È un viaggio unico e insieme sovrapponibile a qualsiasi altro, identico a quelli compiuti e agli innumerevoli che verranno quello narrato da Least Heat-Moon; un viaggio che è progressiva coscienza di sé, stupefatta scoperta della natura, della sua intrinseca, sovrumana perfezione (tra i molti, indimenticabili momenti del romanzo spiccano quelli dedicati al “melo Osage” o Maclura, pianta nota nel XIX secolo per essere “il miglior legno da archi del Nord America”, e al topo dei boschi) e delle tracce, alcune quasi dimenticate, altre indelebili come cicatrici o gentili e pietose come carezze, lasciate da generazioni di uomini e donne. Le 700 pagine di Prateria sono ben più di unentusiasmante dimostrazione di talento letterario, sono un piccolo miracolo di scrittura. Se amate il genere, leggete questo romanzo. Non ve ne pentirete.

Eccovi l’inizio del primo capitolo. Buona lettura.

Nel 1952, in occasione della mia prima visita alla Chase County, avevo dodici anni e facevo il navigatore accanto a mio padre che guidava la nostra Pontiac Chieftain ornata dallo splendido marchio costituito da una testa indiana cromata svettante sul cofano. (Dietro quel naso aquilino abbiamo viaggiato per mezzo decennio girando quasi tutta l’America). In queste ultime settimane ho cercato nella memoria qualche ricordo di quel primo contatto con le praterie del West. Cosa avevo visto a quel tempo, che cosa avevo provato? Ma poiché oggi, a parte il viaggio di ritorno, non ne conservo alcun ricordo, immagino allora che le praterie mi fossero parse soltanto interminabili miglia da percorrere. In fin dei conti questa è l’impressione che, oggi come sempre, gli Americani provano attraversando il Kansas.

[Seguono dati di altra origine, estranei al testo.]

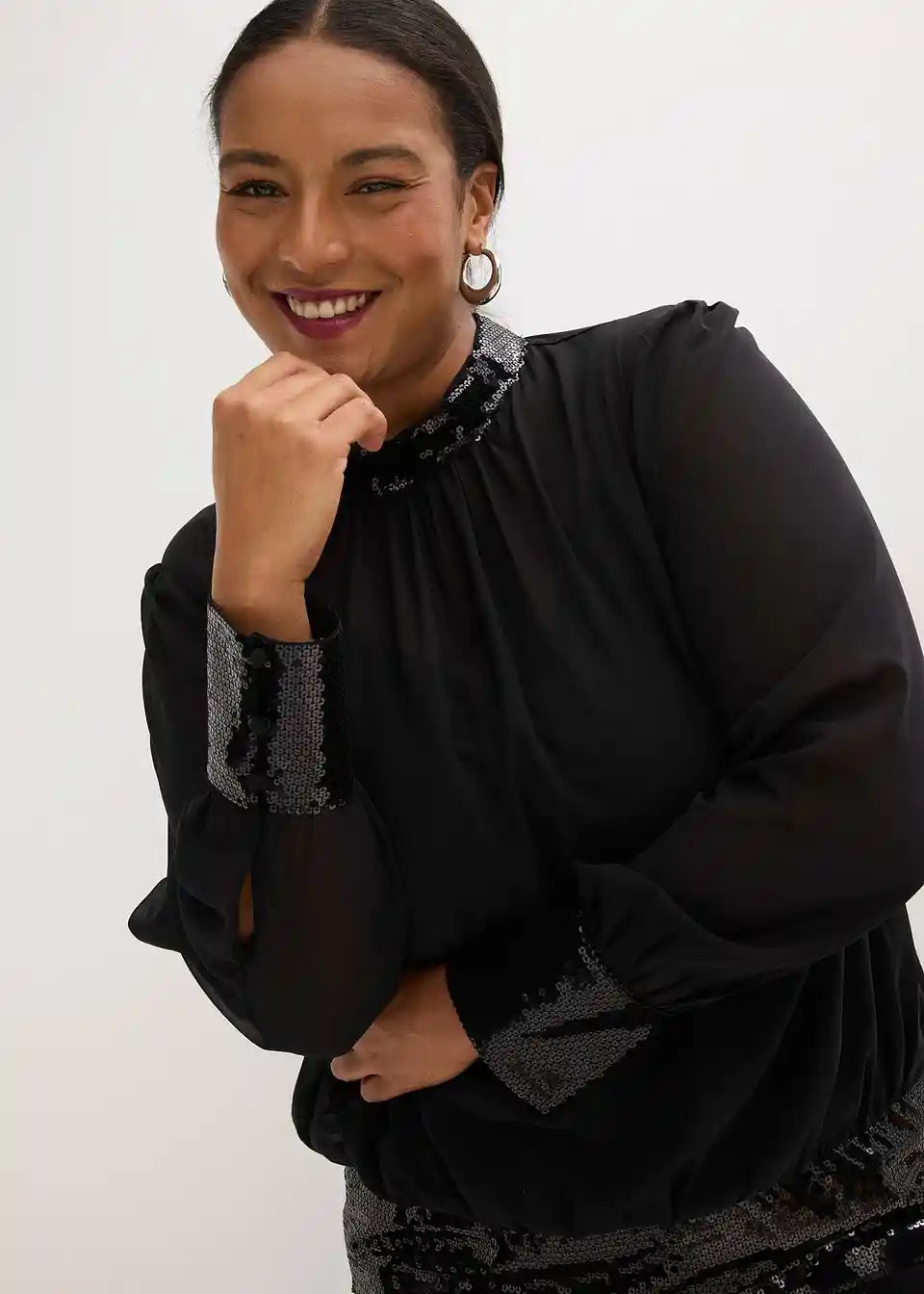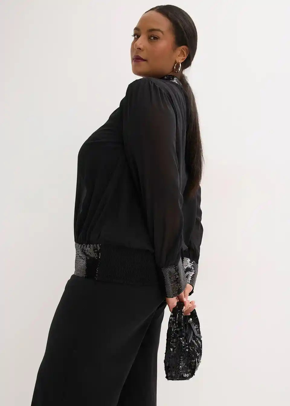 Moderna i ženstvena: bluza od finog šifona s podstavom i umetkom sa šljokicama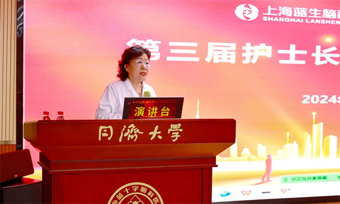 蓝生脑科副总裁叶文琴、医疗管理部护理培训主任唐秀花、医疗管理部护理总监兼上海蓝十字脑科医院护理教研室主任周咏梅等莅临现场。蓝生脑科旗下上海市内四家医院护理部主任、护士长及护理骨干现场听课,苏州、慈溪、四川、深圳等医院护士长和骨干线上学习,共200余人参加。蓝生脑科医疗管理部特聘专家朱建英主持活动。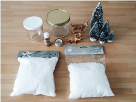 Budget : Bocaux (un pot de Nutella et un chez Noz 1,99€) + Billes de polystyrène 1,49€ + Neige Artificielle 2,19€ + Masking tape (Noz) 0,30€ + Sapin artificiels (La Foir’Fouille) 2,50€ + Animaux (Picwic) 13,47€ = 21,94€
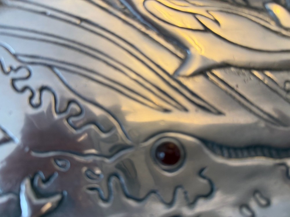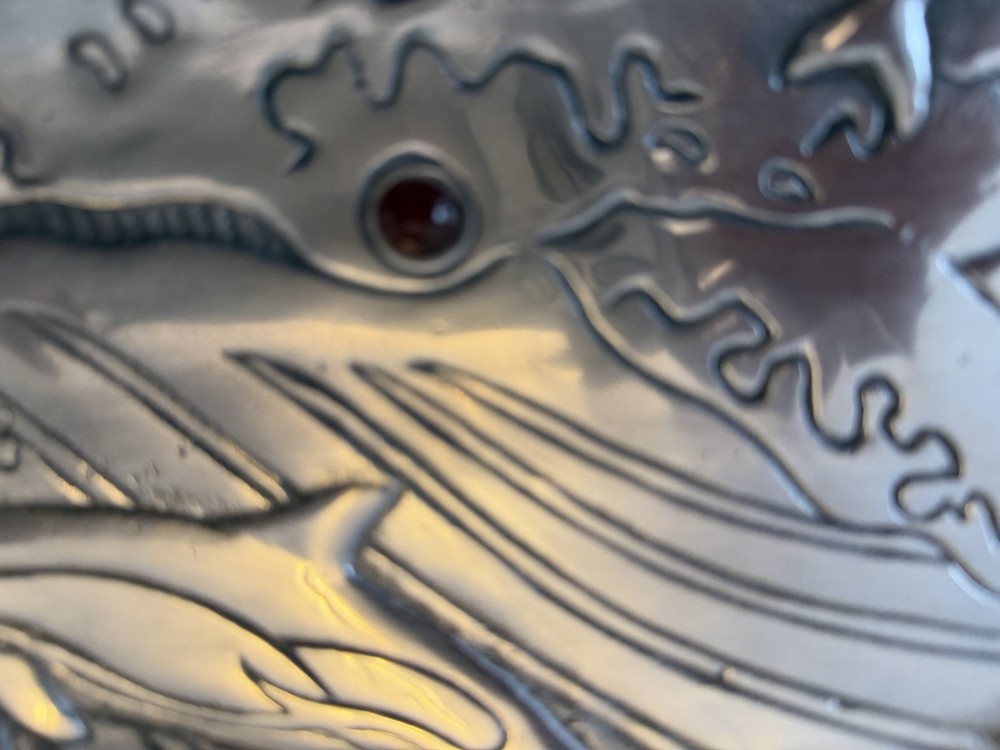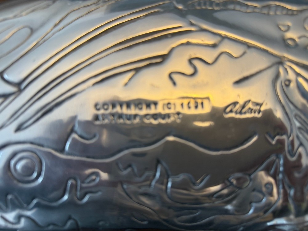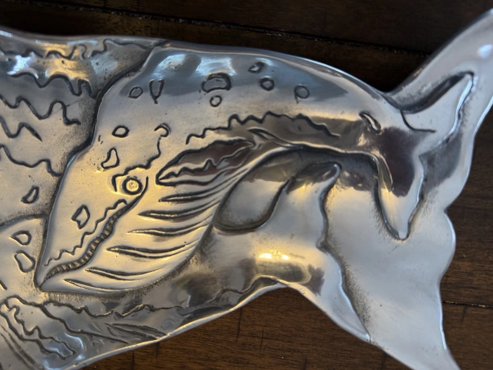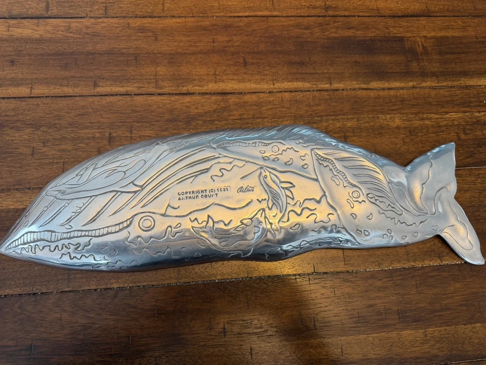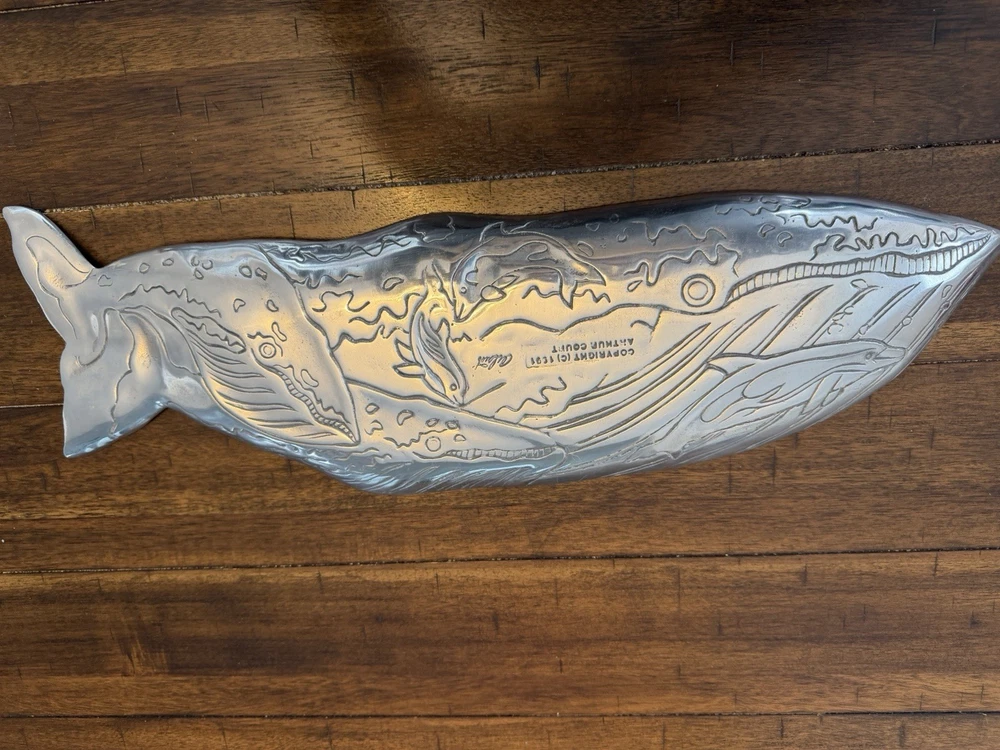 The Arthur Court Whale Plate Serving Tray is a stylish and functional piece of kitchenware. Made of durable aluminum by renowned brand Arthur Court, this tray features a unique whale design that adds a touch of whimsy to your table setting. The sleek and modern look of the tray makes it perfect for serving dishes or displaying decorative items in your home. With its high-quality material and timeless appeal, this tray is a versatile and practical addition to any household.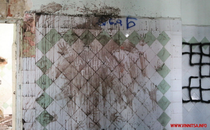 На першому поверсі, в приміщенні, яке колись могло слугувати кухнею або їдальнею, судячи з плитки, якою вимостили стіни, хтось по собі залишив зображення, визначення якого можна охарактеризувати на межі «моторошного» та «огидного».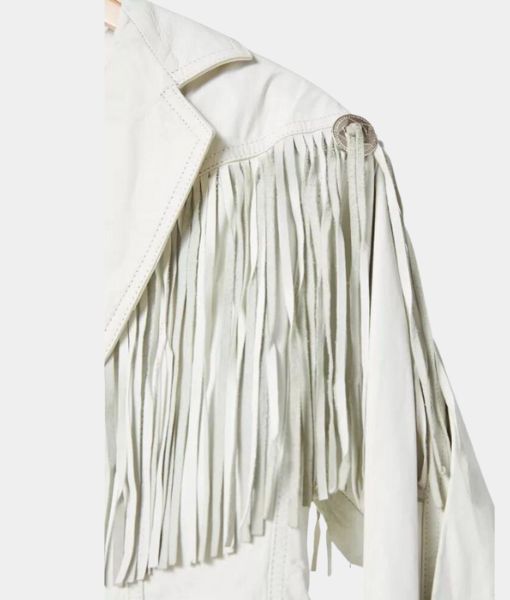 Ordinary Angels Sharon White Jacket features exquisite fringes that add a touch of elegance and movement to your outfit. For a flair look, sleeves are adorned with laced ties. Asymmetric snap fastening make it look more trendy. Designed like an 80’s Vintage Western Leather Jacket, the white colour is versatile, making it perfect for any occasion.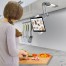 Para pasar de página de un libro o manipular las teclas del tablet, basta con bajar la pantalla antisalpicaduras, aunque estemos ‘con las manos en la masa’ será un gesto sencillo para el que sólo necesitamos una mano, pero no se debe olvidar volverla a poner en la posición adecuada para evitar que mientras preparamos los alimentos o cocinamos, nuestra fuente de lectura se ensucie.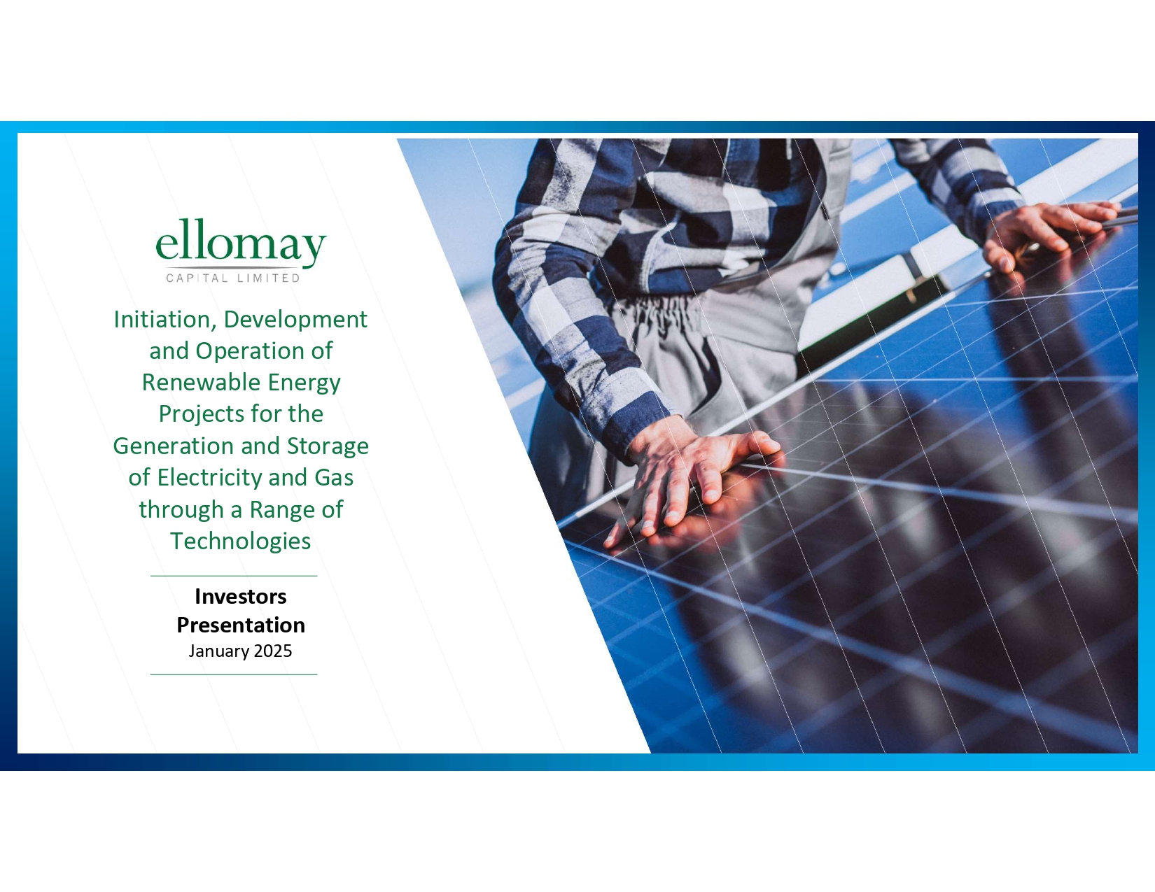 Initiation, Development and Operation of Renewable Energy Projects for the Generation and Storage of Electricity and Gas through a Range of Technologies Investors Presentation January 2025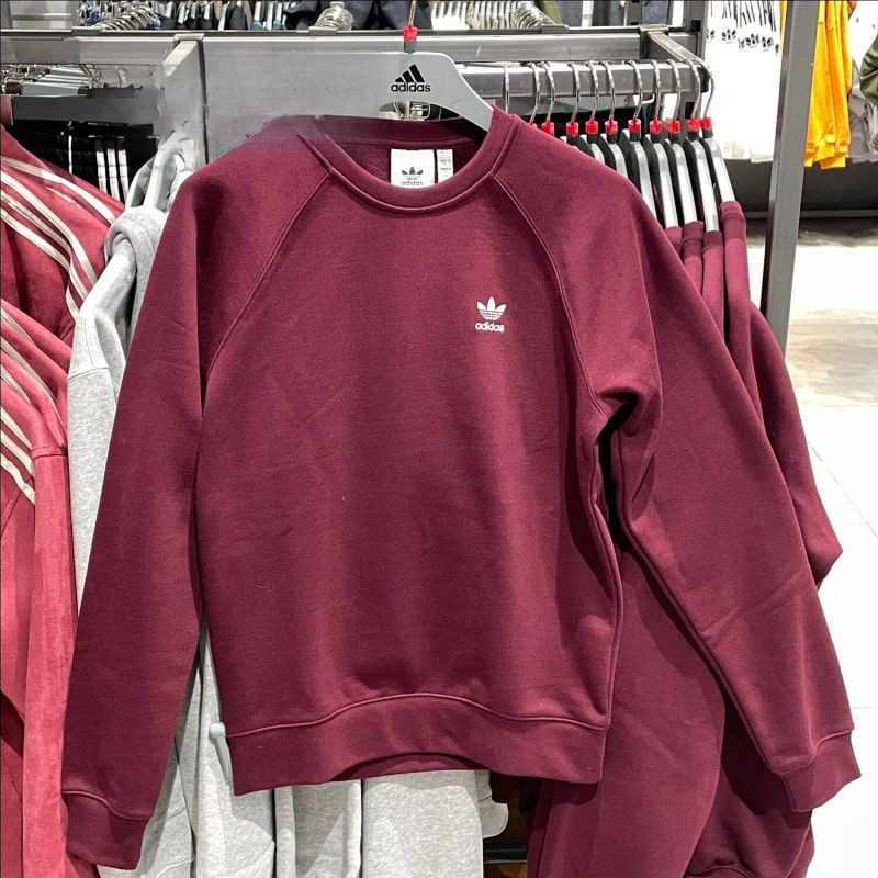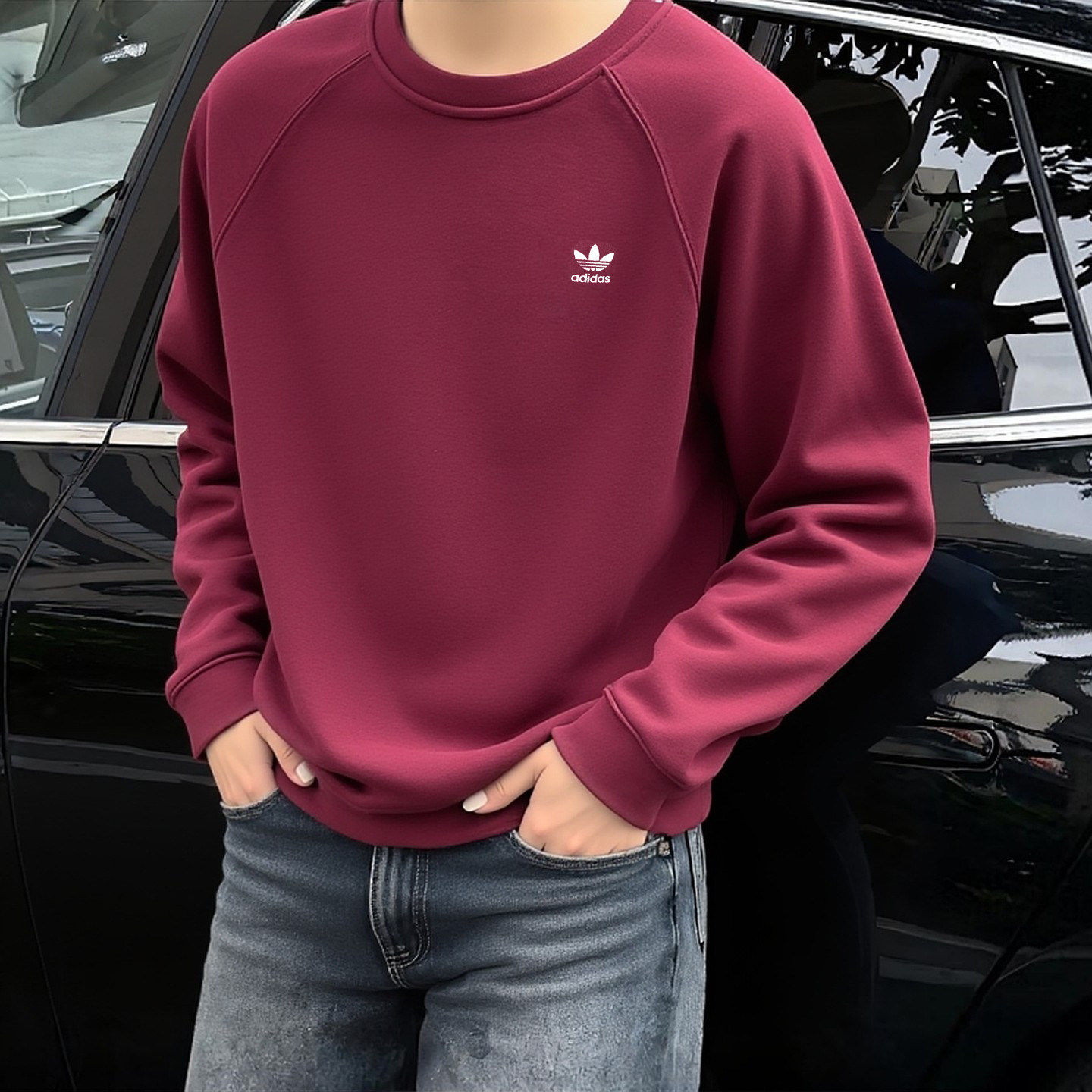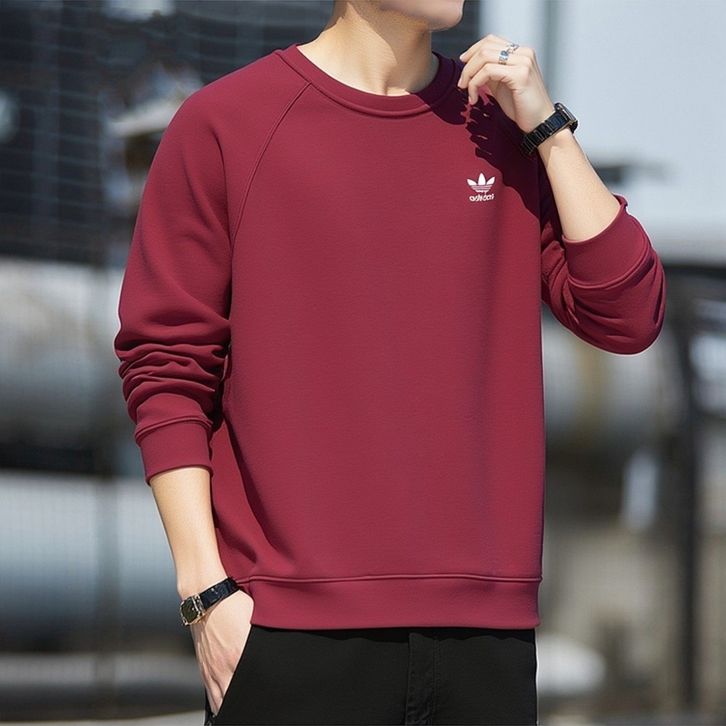阿迪达斯卫衣男士春季新款棉质透气上衣红色套头衫宽松休闲长袖男

Nel 1965, quando ho finito il servizio militare in Marina e ho attraversato la prateria un’altra volta per andare in California, quelle terre coperte di erba mi son sembrate diverse, vive e proteiformi. Oggi penso che i due anni passati a guardare l’Oceano Atlantico avessero cambiato il mio modo di guardare i paesaggi, soprattutto quelli pianeggianti e ondulati. E ho anche iniziato a considerare le praterie, poco distanti dalla città in cui sono nato, la mia terra natale, e ho cominciato ad amarle non perché attirano l’attenzione come i monti o la costa, ma perché la respingono sfidando la capacità di mantenerla sveglia. All’inizio trovavo duro essere «qui e ora» nelle praterie, ma amavo la chiarezza lineare di un posto che richiedeva da me un apporto, la capacità di aprirsi a esso attivamente: vedere lontano, vedere poco. Così ho imparato un segreto che consiste nel prendere a piccole dosi le distanze allucinanti della prateria e nel riempirsi gli occhi dei piccoli particolari che attirano l’attenzione. A parte l’orizzonte e il cielo, la prateria non concede nulla facilmente, nemmeno l’umidità. Bisogna osservare attentamente le variazioni, i colori, le piccolezze. Non si tratta di imparare a pensare in maniera piatta – raramente le prateria sono piatte – bensì a pensare in maniera aperta e spoglia, a vedere senza l’aiuto di punti di riferimento, a fissare l’orizzonte per ritirare poi lo sguardo a mezzo campo dove sembra che non esista quasi nulla.